What that does is it saves me two more clicks, instead of stopping and switching to the Selection tool, and then having to go back and click on the overset text symbol to reload the cursor with the rest of story, it does both those clicks for me. So Option+Click or Alt+Click with a loaded cursor places the story into the frame or column that I clicked into, automatically reloads the cursor, and keeps the Place cursor available for me, so I can just keep clicking where I want. So that's pretty cool. So I'm going to undo that twice to go back to where we started.

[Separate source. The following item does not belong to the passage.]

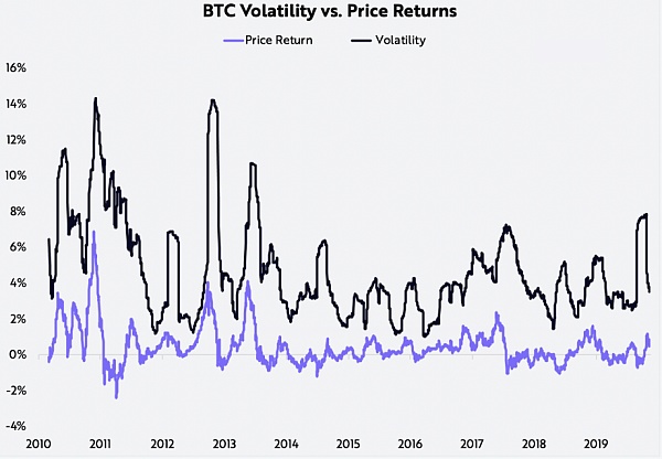 也就是说,比特币的波动性随着时间的推移而减少,如下所示。随着其采用率的提高,对比特币的边际需求应该成为其总网络价值的较小百分比,从而减少价格波动的幅度。在其他条件相同的情况下,例如,100 亿美元市值或网络价值的 10 亿美元新需求对比特币价格的影响应该比 1000 亿美元网络价值的 10 亿美元新需求影响更大。重要的是,我们认为波动不应排除比特币作为一种价值储存手段,主要是因为它通常与价格的大幅上涨同时发生。
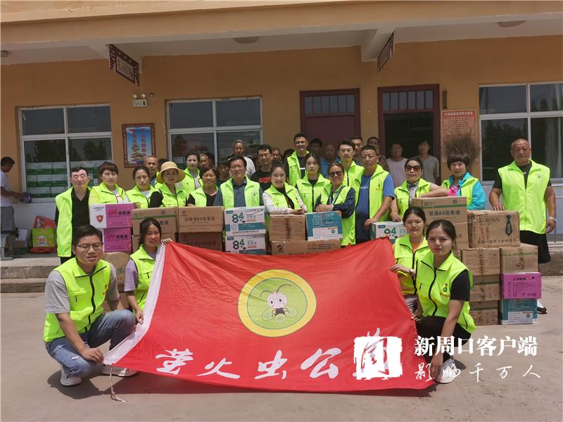 時(shí)刻關(guān)注受災(zāi)群眾動(dòng)態(tài)的周口螢火蟲公益組織得知這一情況后,于7月30日上午再次奔赴西華縣紅花鎮(zhèn),為即將返家的王橋行政村村民送去呋喃西林粉、蚊蟲叮咬液、消毒凝膠、口罩、84消毒液等價(jià)值兩萬(wàn)余元的消殺物資?!班l(xiāng)親們今天回家,這些東西正好用得著。謝謝你們!”王橋行政村村干部和富平代表村民向周口螢火蟲公益表示感謝。

If I hold down the Shift key, you'll see that I get another cursor, and this is the Autoflow cursor, because the difference with Semi-Autoflow versus Autoflow. Let's go ahead and do that again. I will do Autoflow with Option or Alt and just keep clicking. But here is the problem. I've only got a one-page document, and the Place cursor reloaded, so there's obviously more text to be placed, but I need to go in there and create more pages now. So we'll undo this a couple times, Command+Z, Command+Z, Ctrl+Z, Ctrl+Z.This time I'm going to hold down the Shift key, and you can probably guess what this is going to do, Shift+Click with a loaded text cursor is going to flow the text into all the columns on the page automatically for me and if there is more text beyond the last page, it actually creates new pages for you and continues to insert the text into columns on that page until it gets to the end.
So here I get to the last page, page 3, and I click on the last text frame and there's no overset text symbol. You can use just regular Place. You can use Autoflow Place or you can use Semi-Autoflow Place, just by holding down the modifier keys and just getting different behavior depending on what it is that you're trying to accomplish. If you're just doing one long continuous flowing story, Autoflow works out great. But if you're doing more like on a magazine layout or a newspaper layout, where you've got multiple stories on the same page, Autoflow may not just work the way you would want it to, to accomplish what you're trying to do with that particular complex layout.
So Semi-Autoflow might work better for you in that particular situation.